How to write 2**n - 1 as a recursive function?

I need a function that takes n and returns 2n - 1 . It sounds simple enough, but the function has to be recursive. So far I have just 2n:

def required_steps(n):
    if n == 0:
        return 1
    return 2 * req_steps(n-1)

The exercise states: "You can assume that the parameter n is always a positive integer and greater than 0"


Solution 1:

2**n -1 is also 1+2+4+...+2n-1 which can made into a single recursive function (without the second one to subtract 1 from the power of 2).

Hint: 1+2*(1+2*(...))

Solution below, don't look if you want to try the hint first.
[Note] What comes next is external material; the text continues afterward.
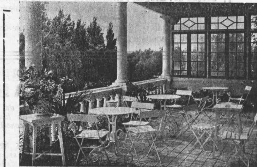
A galeria do Salão de Chá do Parque de Aveiro, empresta ao local um maravilhoso aspecto
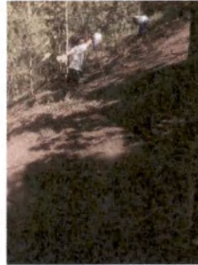
Foto 1 y 2, Mantenimiento de líneas de control o brechas corta fuego.

This works if n is guaranteed to be greater than zero (as was actually promised in the problem statement):

def required_steps(n):
    if n == 1: # changed because we need one less going down
        return 1
    return 1 + 2 * required_steps(n-1)

A more robust version would handle zero and negative values too:

def required_steps(n):
    if n < 0:
        raise ValueError("n must be non-negative")
    if n == 0:
        return 0
    return 1 + 2 * required_steps(n-1)

(Adding a check for non-integers is left as an exercise.)

Solution 2:

To solve a problem with a recursive approach you would have to find out how you can define the function with a given input in terms of the same function with a different input. In this case, since f(n) = 2 * f(n - 1) + 1, you can do:

def required_steps(n):
    return n and 2 * required_steps(n - 1) + 1

so that:

for i in range(5):
    print(required_steps(i))

outputs:

0
1
3
7
15

Solution 3:

You can extract the really recursive part to another function

def f(n):
    return required_steps(n) - 1

Or you can set a flag and define just when to subtract

def required_steps(n, sub=True):
    if n == 0: return 1
    return 2 * required_steps(n-1, False) - sub

>>> print(required_steps(10))
1023